(also wide area network)
A wide area network (WAN) is a type of computer network that spans a large geographic area — a city, country, region, or even the globe. WANs connect local area networks (LAN) and other types of networks over distance.
WANs typically use leased lines to transmit data over long distances, but they can be established with other communications technologies like satellite links and wireless connections.
- Switched WAN: Switched WAN connects multiple component LANs via a shared networking infrastructure. Network resources are distributed using a WAN switching exchange in conjunction with the network appliances at each LAN location. Switched WAN works best when network configuration requirements are the same across all connected networks.
- Point-to-point WAN: Point-to-point WAN uses a dedicated and secure leased line to connect two LANs or end nodes, which are further connected to other devices in a LAN. Once set up, point-to-point WAN allows secure and customized network traffic between the connected locations.

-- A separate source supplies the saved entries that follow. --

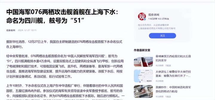 076型四川舰2024年下水,满载超4万吨,电磁弹射,能起降无人机和隐身战机,双舰岛设计。这说明中国没忽略两栖舰,反而在航母发展的同时补上这块短板。
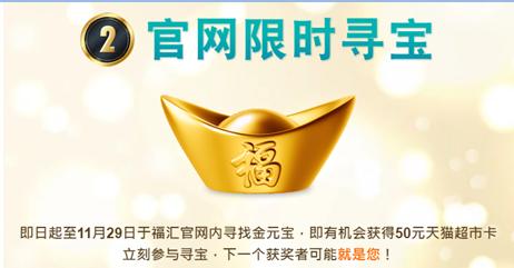 不日起登录福汇官网,列入官网寻宝运动。只消您正在运动时刻寻找到藏正在福汇官网苟且页面中的“金元宝”,即可有时机得回价钱50元的天猫超市卡!奖品逐日送出,每人逐日均可列入一次,还不速来寻宝,尝尝你的运气!更众详情请查看福汇官网干系页面
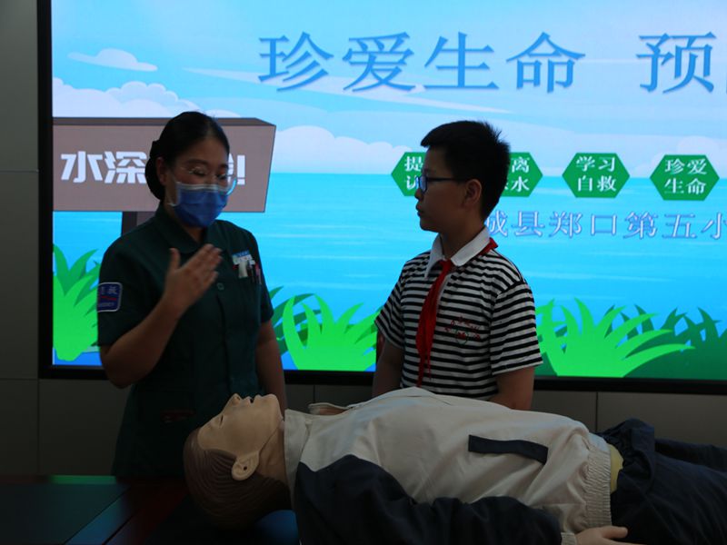 故城縣醫院醫護人員向大家講解和演練了人工呼吸及心肺復蘇等岸上救生技能,讓觀摩的中小學生切實領會自救、互救、施救的原理和方法。
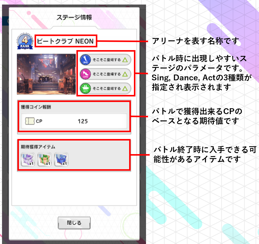 アリーナはランクやイベント状況に応じて各パラメータが指定され、上のアリーナに行くほど経験値、CPを多く獲得することができ、スキルレベルも上がりやすくなります。コンディションのスタミナ値は1回のバトルごとに定められた値を消費します。
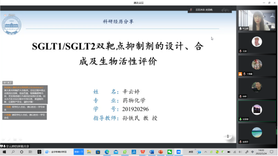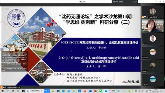 为营造学院研究性科研生态,拓宽师生科研视野,在研究生院(学科建设办公室)及辽宁省药学研究生创新与学术交流中心的支持下,5月24日下午,金年会jinnianhuicom以线上形式举办了“沈药无涯论坛”之学术沙龙第13期“学思维 树创新”科研分享活动(二)。2019级硕士研究生辛云婷和仲烨进行了精彩报告,沙龙由药物化学教研室刘亚婧教授主持,300余人参加了此次学术沙龙。
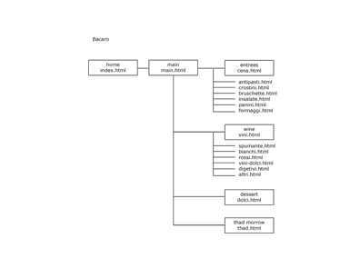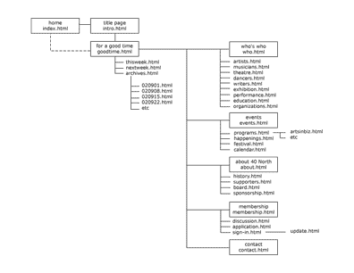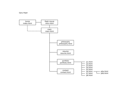 Planning a structure for your web site is an important first step in web design. Making a visual map of your site will allow you to see potential problems and make adjustments before you build your site. These examples show how other designers have solved their site architecture. You may download these PDF files and print them for reference.
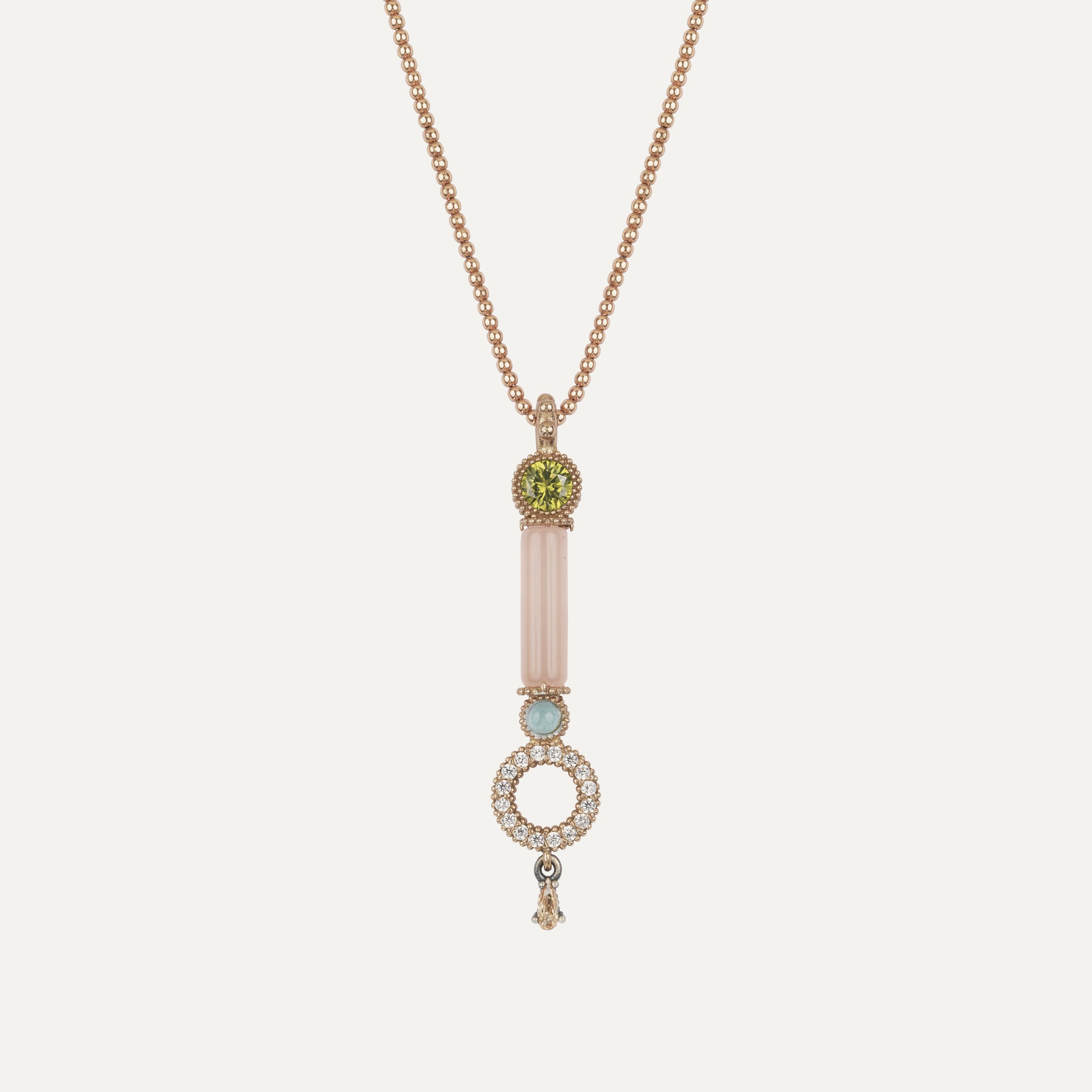 Pendant made of 925 sterling silver with 24kt rose gold plating, pink chalcedony, blue opal and zirconia.
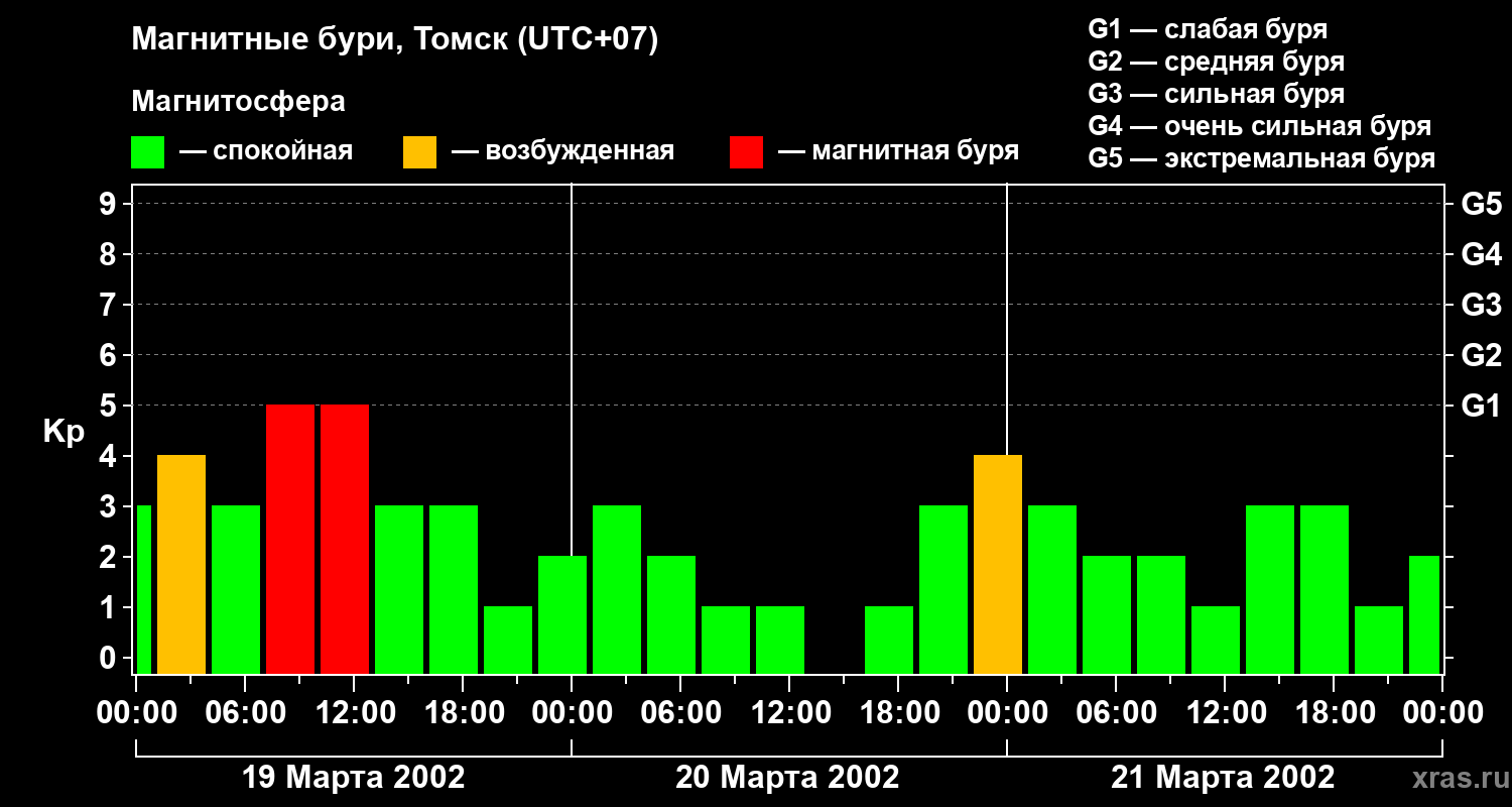 Изменения геомагнитного индекса Kp с 19 по 21 марта 2002 года для средних широт
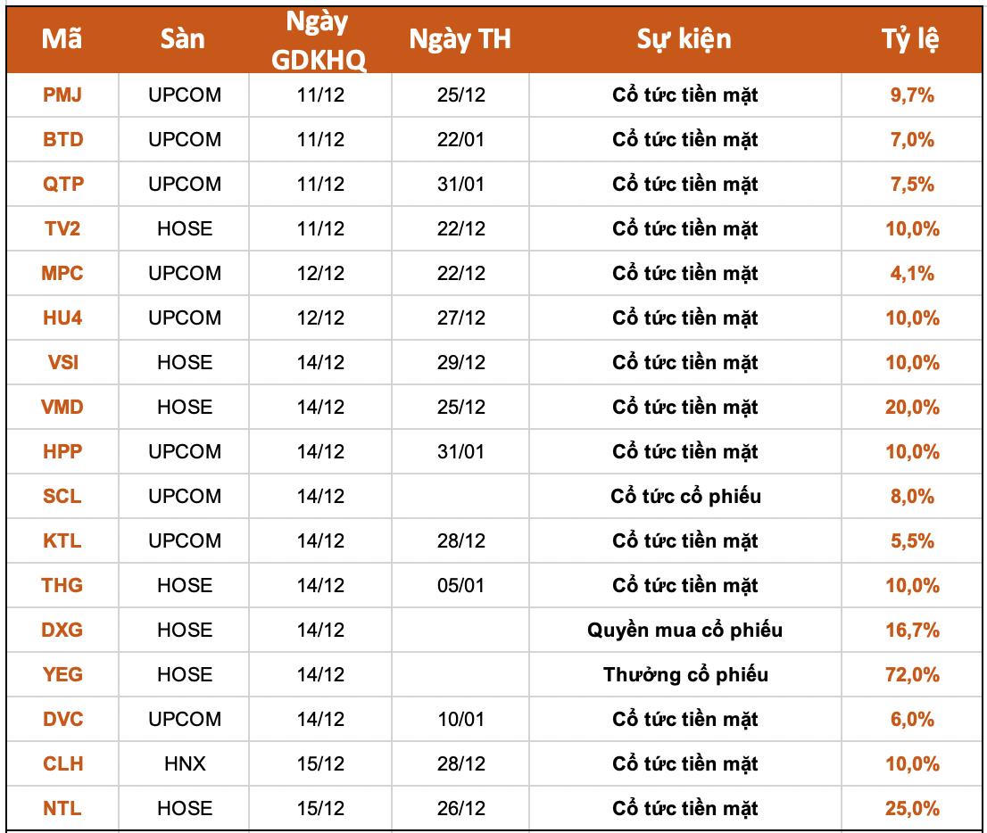 Theo thống kê, có 17 doanh nghiệp thông báo chốt quyền cổ tức trong tuần 11– 15/12. Trong đó, 14 doanh nghiệp trả cổ tức bằng tiền mặt, 1 doanh nghiệp trả cổ tức cổ phiếu, 1 doanh nghiệp thưởng cổ phiếu trong tuần này.
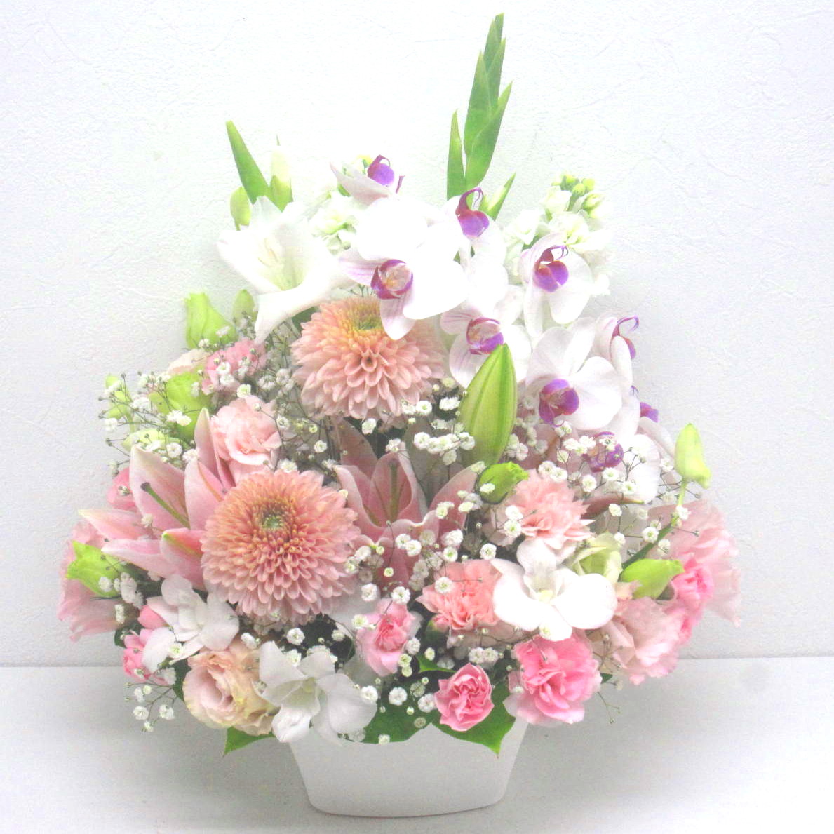 《春のお供え》コチョウランを入れたこじんまりと上品なアレンジメント

WAN connection technologies
- Dedicated internet access (DIA): With DIA, the line is not shared with anyone else and the connection speed is the same for both uploads and downloads. DIA WANs offer the fastest and most stable performance but are costly to maintain.
- Broadband internet: Broadband WANs offer asymmetrical connections (the download and upload speeds are not the same). Broadband WANs are less reliable than DIA WANs but are also less costly.
- Voice over LTE (VoLTE): VolTE WANs use 4G/5G technology for universal coverage. However, mobile connections are often metered and may be susceptible to additional charges when traveling.
- Multiprotocol label switching (MPLS): MPLS extends LAN environments from site to site using leased lines. MPLS is the oldest type of WAN connection technology still in use.
- Software platforms (software-defined or SD-WAN): SD-WANs replace most physical appliances used to control the network infrastructure with software platforms.